So he got the network wrong and one word in the title, but he was right, and that was educational for me as well, once more. We watched it, with him disappearing to draw amoeba like shapes on a fringed leather cowboy style vest, adding it to his outfit of tie-dyed tee shirt, metal peace sign hanging from a leather shoestring around his neck and anything else he could find to look like the hippies in the photographs and films and artwork we’d seen earlier at the Whitney show, where he was mesmerized by the ‘60s light show films playing in dark cubicles throughout the exhibit.

CRAZY SEXY CANCER turned out to be another documentary to add to the list of favorites. Made by Kris Carr—a young woman, in her early thirties, if that—and professional actress, who found out she has twenty-eight (28!) tumors, in her lungs, her liver, throughout her body, on Valentine’s Day 2003 and started a video diary that turned into a documentary on becoming consumed with cancer and how best to respond to it, including ignoring it completely and getting on with life with so much determination and beautiful vitality I couldn’t help falling in love with her.

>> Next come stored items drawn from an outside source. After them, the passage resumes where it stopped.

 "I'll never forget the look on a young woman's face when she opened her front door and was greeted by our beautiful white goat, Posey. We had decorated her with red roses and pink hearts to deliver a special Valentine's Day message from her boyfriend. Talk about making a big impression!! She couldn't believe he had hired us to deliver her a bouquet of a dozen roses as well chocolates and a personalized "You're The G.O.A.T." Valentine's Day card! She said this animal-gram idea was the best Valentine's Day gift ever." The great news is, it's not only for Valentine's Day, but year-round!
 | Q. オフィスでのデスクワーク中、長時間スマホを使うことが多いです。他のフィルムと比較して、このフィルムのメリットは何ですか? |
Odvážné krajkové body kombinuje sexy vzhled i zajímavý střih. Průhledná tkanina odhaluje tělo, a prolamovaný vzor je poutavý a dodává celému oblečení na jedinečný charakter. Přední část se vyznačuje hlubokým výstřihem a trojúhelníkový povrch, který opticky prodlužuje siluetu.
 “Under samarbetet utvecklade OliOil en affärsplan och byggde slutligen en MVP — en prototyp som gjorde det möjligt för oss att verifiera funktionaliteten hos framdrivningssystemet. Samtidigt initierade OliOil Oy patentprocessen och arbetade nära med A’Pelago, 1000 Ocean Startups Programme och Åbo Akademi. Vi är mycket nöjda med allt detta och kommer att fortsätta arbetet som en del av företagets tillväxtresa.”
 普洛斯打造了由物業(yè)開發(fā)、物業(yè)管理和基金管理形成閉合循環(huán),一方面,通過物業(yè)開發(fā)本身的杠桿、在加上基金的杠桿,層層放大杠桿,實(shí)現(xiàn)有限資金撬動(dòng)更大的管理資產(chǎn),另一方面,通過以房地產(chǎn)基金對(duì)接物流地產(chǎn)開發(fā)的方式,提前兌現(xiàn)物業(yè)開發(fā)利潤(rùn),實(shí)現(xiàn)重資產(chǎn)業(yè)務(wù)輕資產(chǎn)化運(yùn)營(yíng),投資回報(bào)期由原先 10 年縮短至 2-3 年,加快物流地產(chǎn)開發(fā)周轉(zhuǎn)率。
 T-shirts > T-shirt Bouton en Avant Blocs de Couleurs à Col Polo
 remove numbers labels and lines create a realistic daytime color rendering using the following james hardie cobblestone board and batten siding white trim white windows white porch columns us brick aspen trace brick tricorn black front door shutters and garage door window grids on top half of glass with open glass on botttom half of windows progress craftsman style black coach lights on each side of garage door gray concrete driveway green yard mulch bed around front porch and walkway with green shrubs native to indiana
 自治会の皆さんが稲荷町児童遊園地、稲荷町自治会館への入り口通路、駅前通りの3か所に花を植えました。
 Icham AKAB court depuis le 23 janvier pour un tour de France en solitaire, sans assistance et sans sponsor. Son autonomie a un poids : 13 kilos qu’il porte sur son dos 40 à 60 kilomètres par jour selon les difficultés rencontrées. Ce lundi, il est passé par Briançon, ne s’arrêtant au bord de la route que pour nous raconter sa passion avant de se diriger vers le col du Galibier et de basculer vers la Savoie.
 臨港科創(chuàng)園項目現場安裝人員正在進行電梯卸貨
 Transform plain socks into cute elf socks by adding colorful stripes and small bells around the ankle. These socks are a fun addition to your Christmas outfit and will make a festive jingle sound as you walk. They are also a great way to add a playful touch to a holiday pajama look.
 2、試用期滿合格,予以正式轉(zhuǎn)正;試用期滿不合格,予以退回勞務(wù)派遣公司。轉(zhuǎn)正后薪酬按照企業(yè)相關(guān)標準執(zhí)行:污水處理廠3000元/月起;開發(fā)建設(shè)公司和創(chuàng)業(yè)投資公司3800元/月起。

She ends up focusing not just on her own case, but on the cases of several other women as well, including a young mother and her sister, and an older playwright. Their courage, honesty, and all the other clichéd but nevertheless true attributes that many people display under similar circumstances, is not only poignant and heartening, but also devastating.

It’s difficult enough to deal with one’s own mortality, but watching such lovely women deal with it so seemingly prematurely is tough. Especially Kris Carr, who is so adorable, while still venting her anger and disappointment and sadness and fear and vulnerability and depression and tenacity and determination to not let it stop her life from moving forward, despite the “incurability” of her particular cancer.

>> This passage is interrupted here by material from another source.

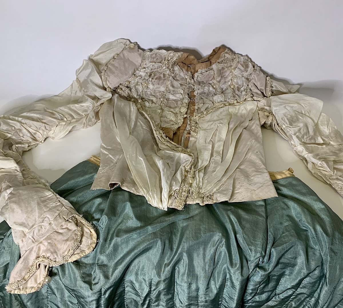 Silk petticoat with home spun lining and quilting, very good condition for age with some soiling at hem, hand sewn blouse heavily corseted, hand sewn apron and early pillow case (dated 1833). Please refer to photos for better look at condition.
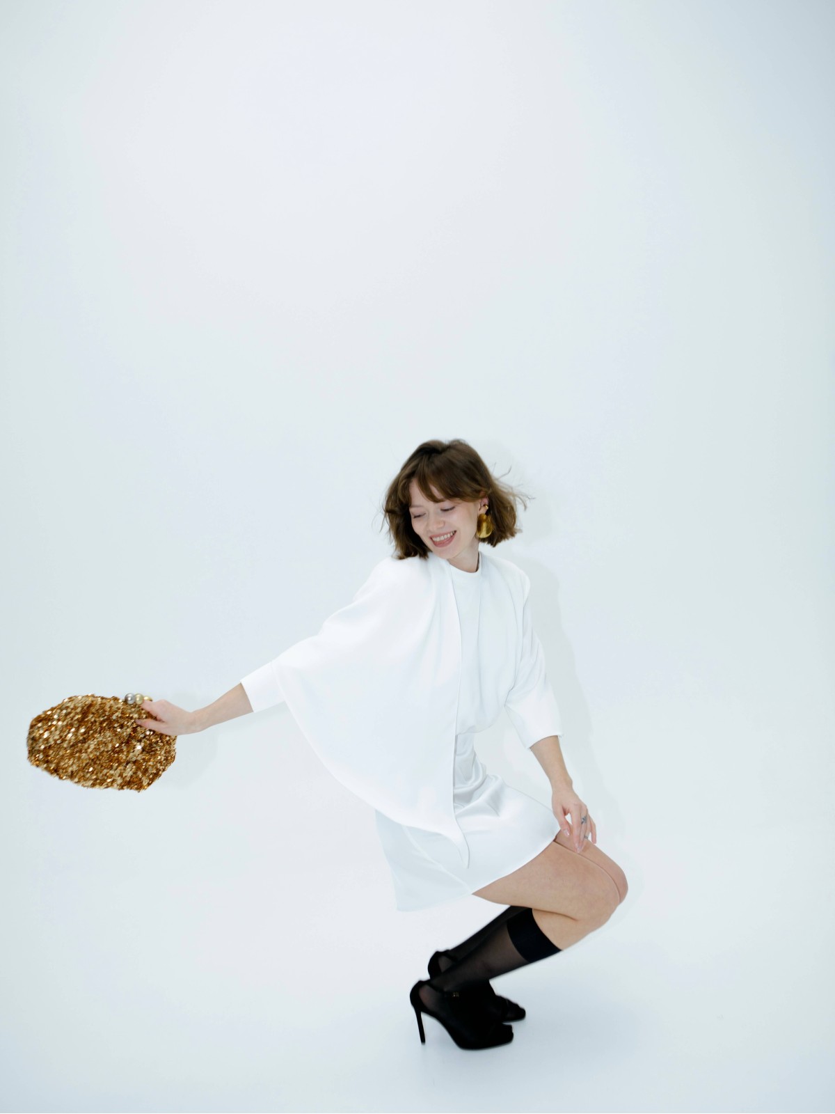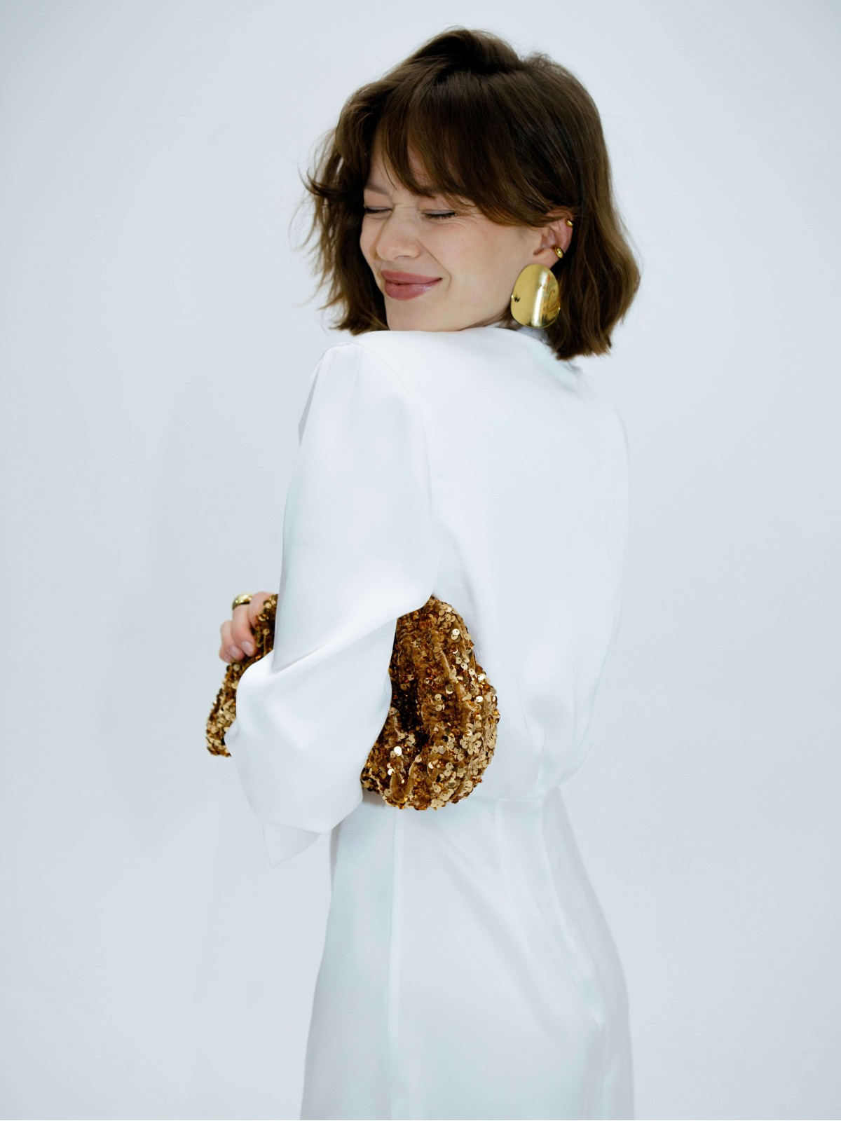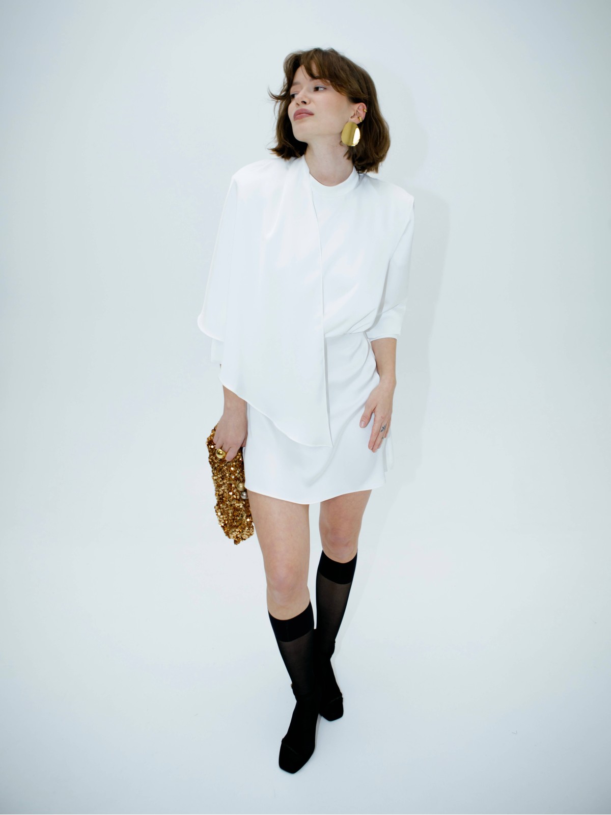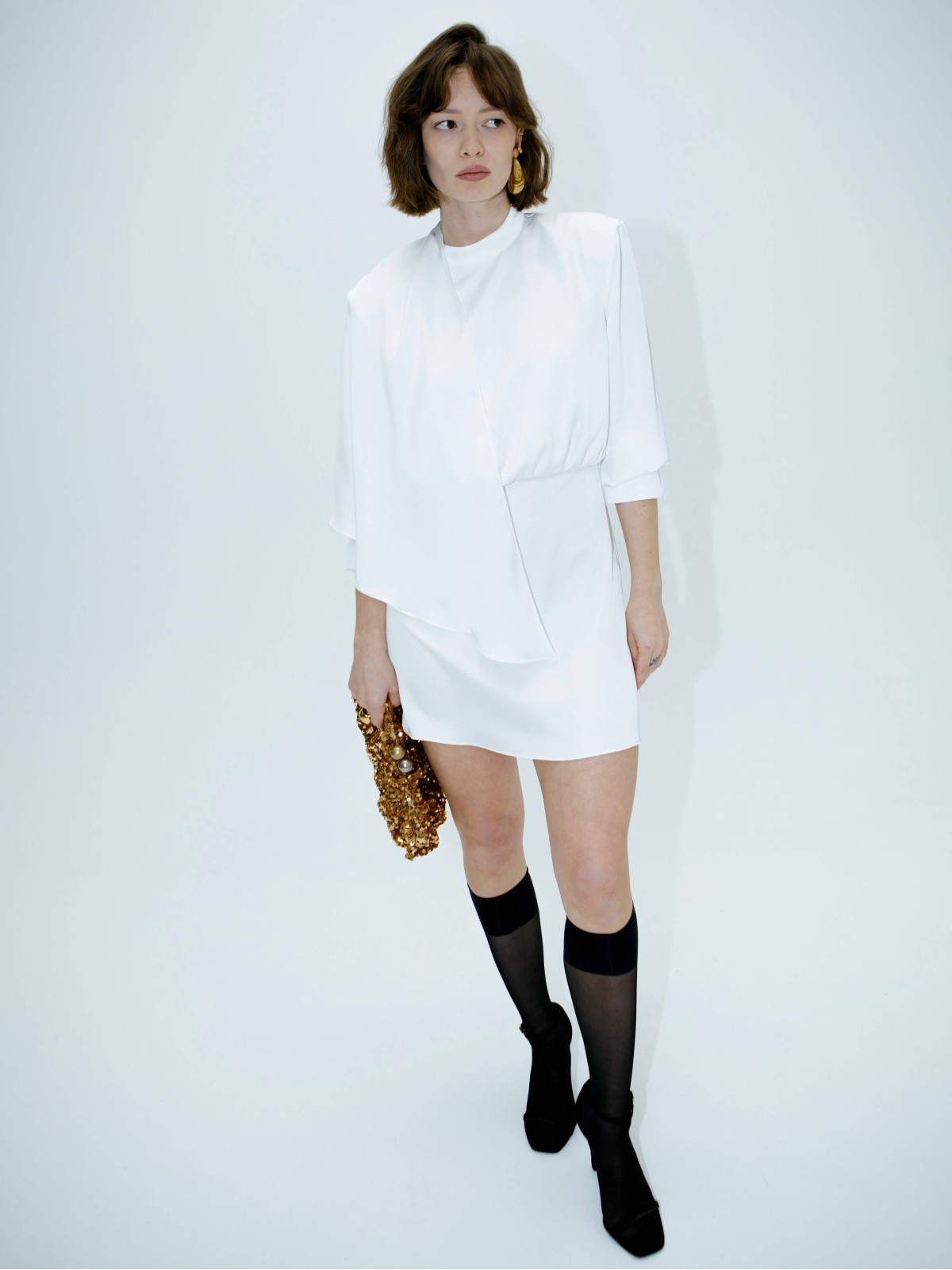 Главный акцент модели — задний шлейф, но платье теперь короче и темпераментнее. Оттенок, блеск и плавность ткани, а длина мини добавляет драйва и молодости образу.

It’s a compelling story, and not just because I’m a “survivor.” More importantly because it’s told so truthfully and in the unique voice and perspective of this lovely but real young woman who was able to seize the opportunity to make a statement about her predicament, and that of others in similar predicaments, and do it with artistry and originality.

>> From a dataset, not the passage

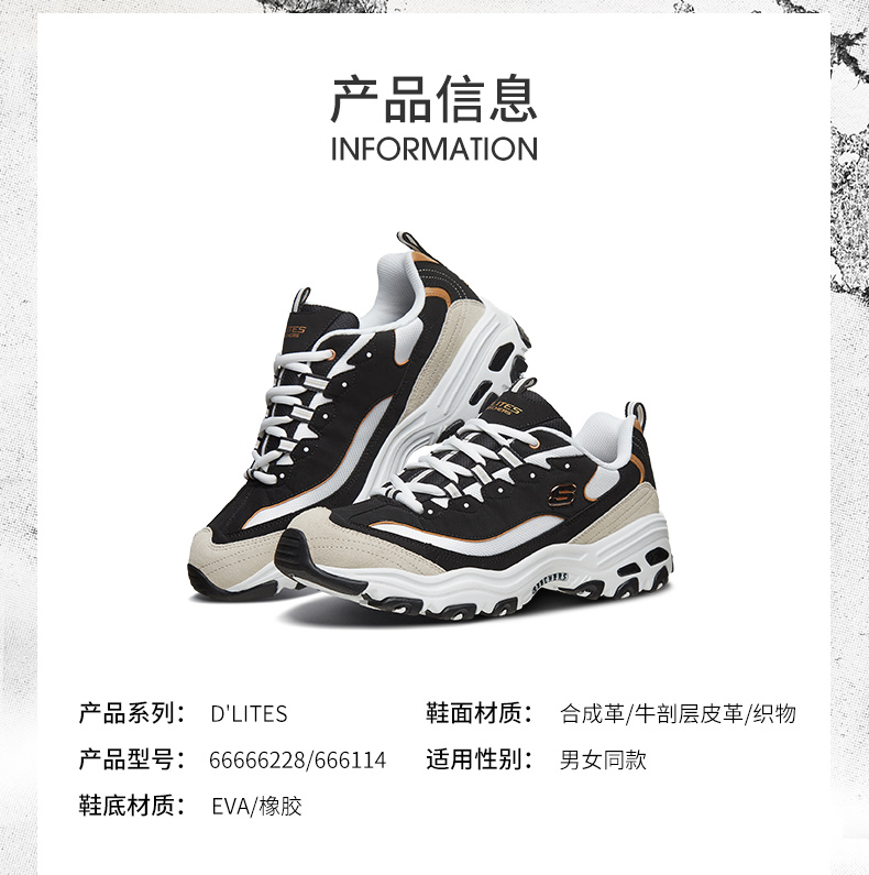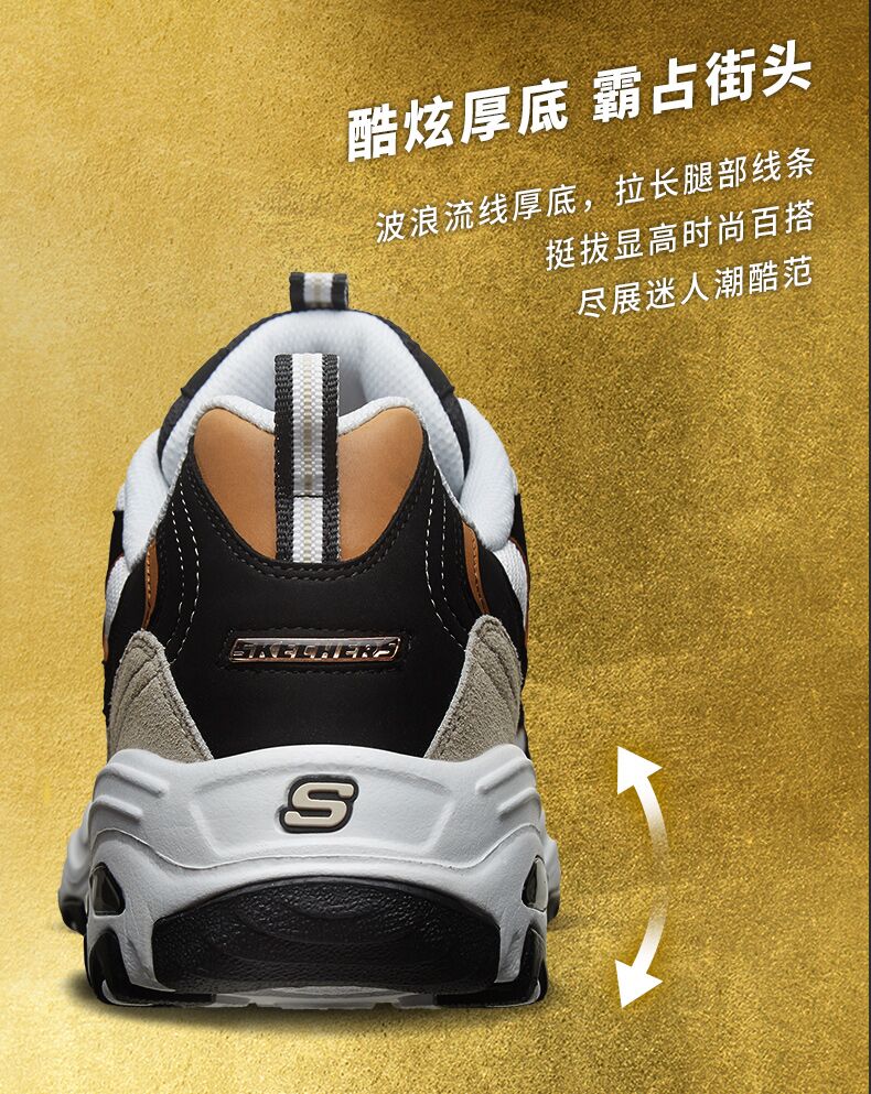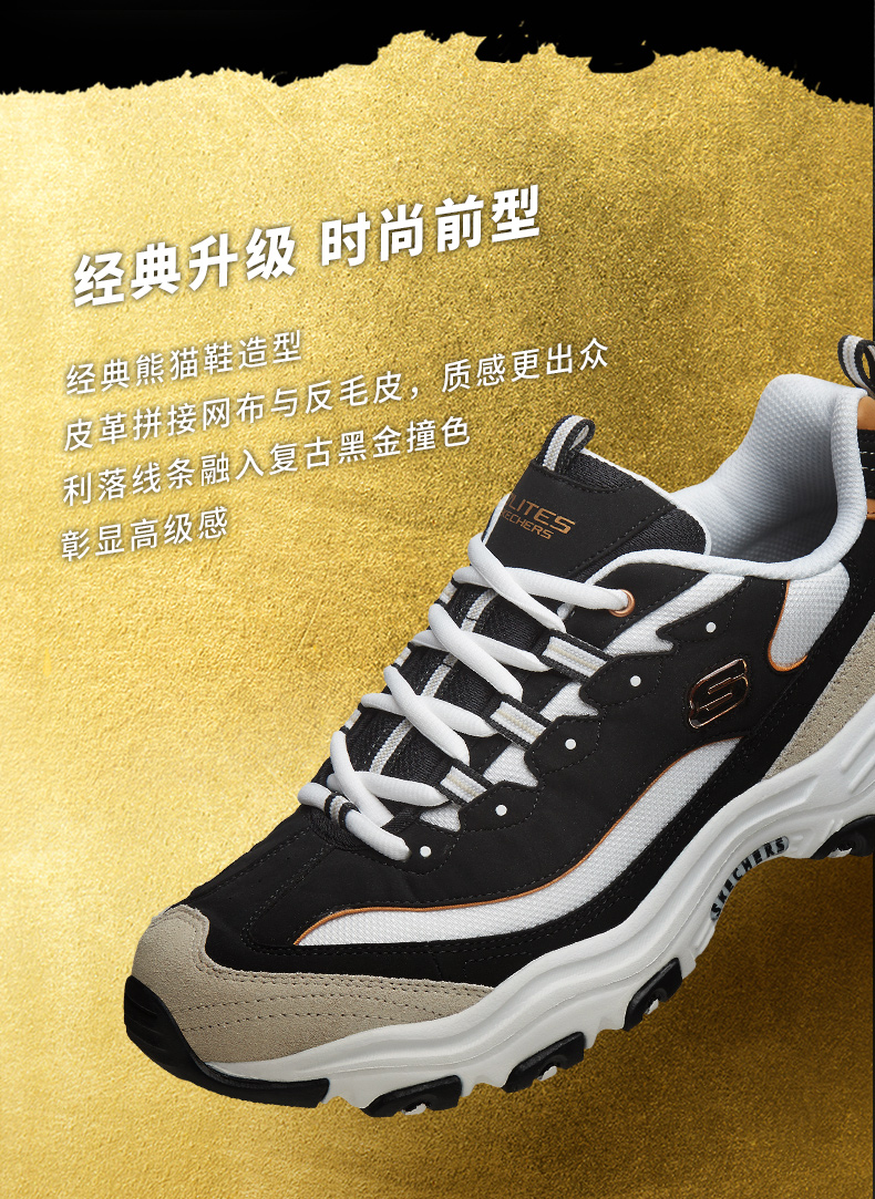 斯凯奇(Skechers)新年礼物黑白金熊猫鞋冬季情侣鞋复古老爹鞋休闲运动鞋66666228

It’s more proof, if we needed it, that once again Jack Kerouac was prescient, and not just about the literary world, when he wrote::

“I would like everybody in the world to tell his full life confession and tell it HIS OWN WAY and then we’d have something to read in our old age, instead of the hesitations and cavilings of ‘men of letters’ with blear faces who only alter words that the Angel brought them…”

CUSTOM CAR CRAZY

Last Saturday, my oldest son drove down from Massachusetts for a custom car and hotrod show. He picked me up at Penn Station to drive to the Williamsburg section of Brooklyn, where the rods and customs were on display under the BQE (the Brooklyn Queens Expressway), which provided much needed shade on one of the most humid and hottest days of the summer.

As in most of the car shows my son has taken me to, the custom car guys were from two different generations. Some were close to my age or older, many of whom, since their teens, have been retooling early and mid-20th century mass produced American cars into customized hotrods and chopped and decked tanks to make them run faster and louder, and look crazier and sexier, than any car was ever meant to.

Some still slicked their hair back in d.a.s—ducks’ asses, as that style was known in the 1950s. One old guy at a car show in Worcester Mass., which the locals pronounce Wooster, even had a boxcar, a hairstyle I hadn’t seen in decades—crew cut on top, with long hair on the sides combed back into a d. a.—and in his case completely white. All I could think was: Where does this guy work and live that he feels confident enough to continue that 1950s hoodlum hairstyle as an old man?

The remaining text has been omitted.